### Work request
Write out the data exactly, please, and omit the pictures.

### Source data

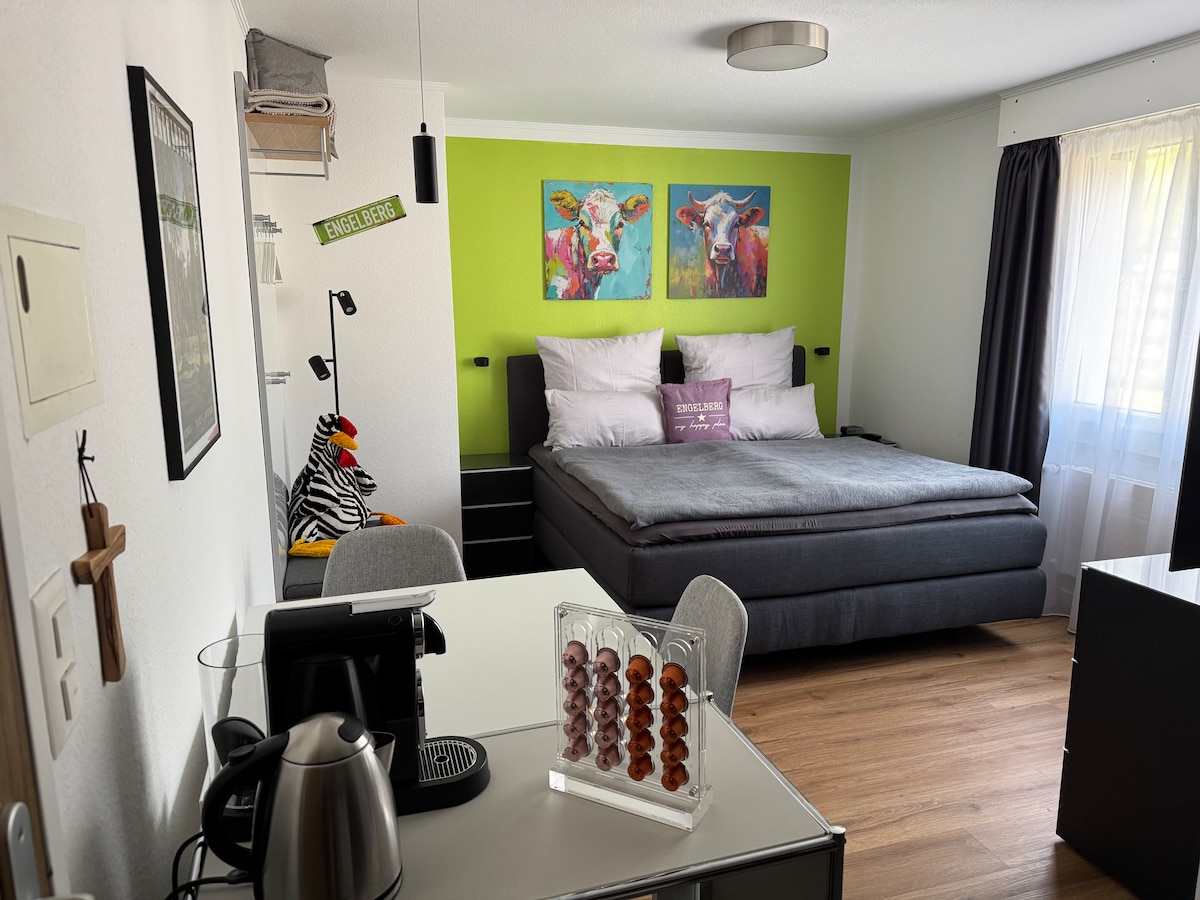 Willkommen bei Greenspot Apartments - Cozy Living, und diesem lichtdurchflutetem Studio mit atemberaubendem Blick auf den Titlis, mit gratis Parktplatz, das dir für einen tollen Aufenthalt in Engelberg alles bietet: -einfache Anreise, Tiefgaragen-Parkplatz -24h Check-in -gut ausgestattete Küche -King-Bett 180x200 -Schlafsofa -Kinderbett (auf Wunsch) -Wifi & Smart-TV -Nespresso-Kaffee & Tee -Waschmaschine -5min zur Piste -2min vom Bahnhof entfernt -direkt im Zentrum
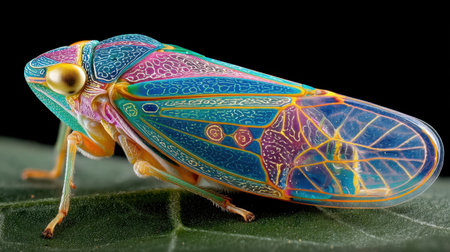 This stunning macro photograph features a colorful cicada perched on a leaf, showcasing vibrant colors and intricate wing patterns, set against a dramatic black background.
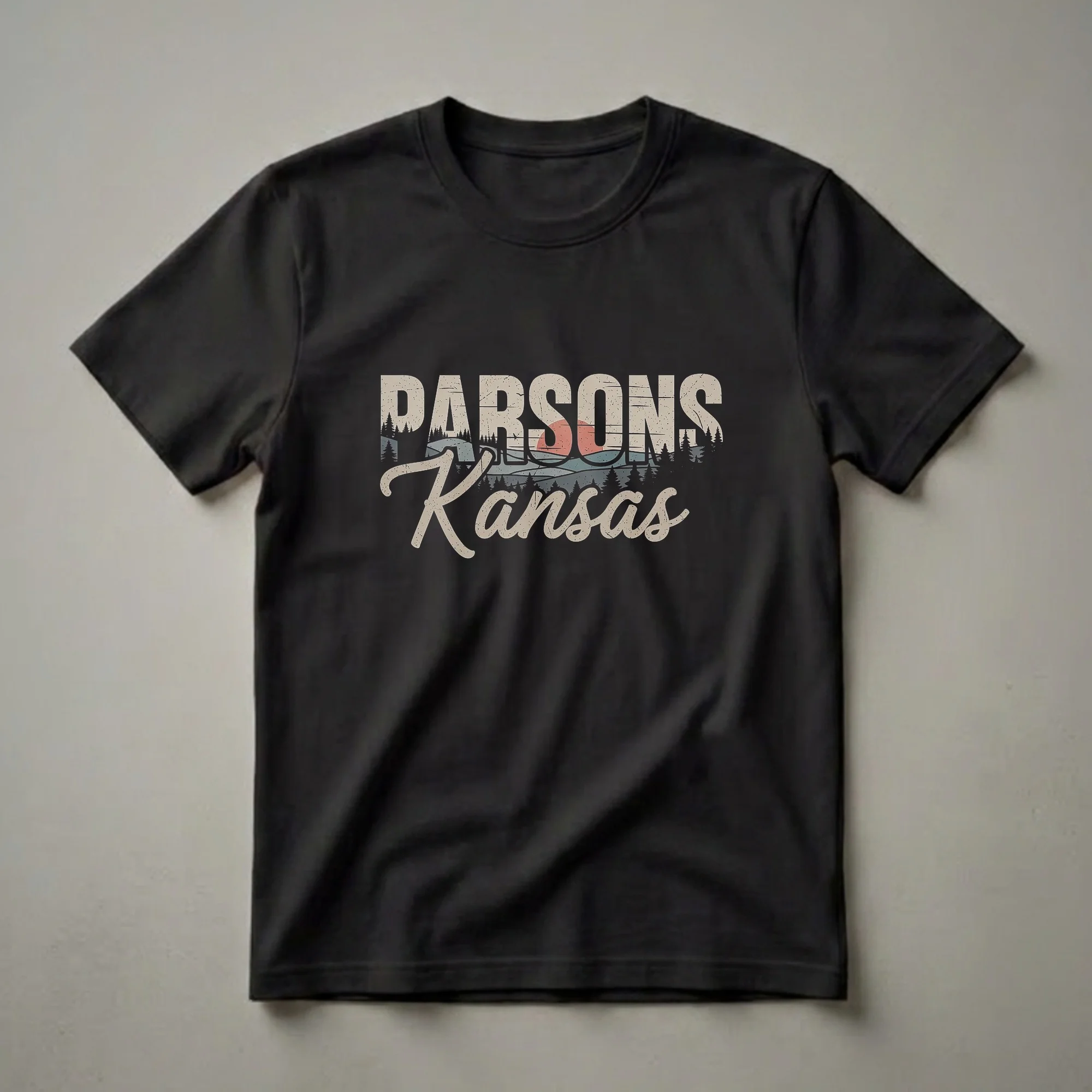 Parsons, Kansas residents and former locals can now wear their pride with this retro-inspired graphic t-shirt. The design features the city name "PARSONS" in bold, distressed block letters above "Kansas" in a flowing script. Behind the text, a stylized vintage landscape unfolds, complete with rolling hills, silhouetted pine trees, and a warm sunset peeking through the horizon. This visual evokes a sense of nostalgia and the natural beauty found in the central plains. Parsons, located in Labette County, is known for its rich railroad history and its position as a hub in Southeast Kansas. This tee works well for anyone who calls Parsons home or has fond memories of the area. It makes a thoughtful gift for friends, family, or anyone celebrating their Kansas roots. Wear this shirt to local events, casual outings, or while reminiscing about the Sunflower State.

### Response to the task
 Willkommen bei Greenspot Apartments - Cozy Living, und diesem lichtdurchflutetem Studio mit atemberaubendem Blick auf den Titlis, mit gratis Parktplatz, das dir für einen tollen Aufenthalt in Engelberg alles bietet: -einfache Anreise, Tiefgaragen-Parkplatz -24h Check-in -gut ausgestattete Küche -King-Bett 180x200 -Schlafsofa -Kinderbett (auf Wunsch) -Wifi & Smart-TV -Nespresso-Kaffee & Tee -Waschmaschine -5min zur Piste -2min vom Bahnhof entfernt -direkt im Zentrum
 This stunning macro photograph features a colorful cicada perched on a leaf, showcasing vibrant colors and intricate wing patterns, set against a dramatic black background.
 Parsons, Kansas residents and former locals can now wear their pride with this retro-inspired graphic t-shirt. The design features the city name "PARSONS" in bold, distressed block letters above "Kansas" in a flowing script. Behind the text, a stylized vintage landscape unfolds, complete with rolling hills, silhouetted pine trees, and a warm sunset peeking through the horizon. This visual evokes a sense of nostalgia and the natural beauty found in the central plains. Parsons, located in Labette County, is known for its rich railroad history and its position as a hub in Southeast Kansas. This tee works well for anyone who calls Parsons home or has fond memories of the area. It makes a thoughtful gift for friends, family, or anyone celebrating their Kansas roots. Wear this shirt to local events, casual outings, or while reminiscing about the Sunflower State.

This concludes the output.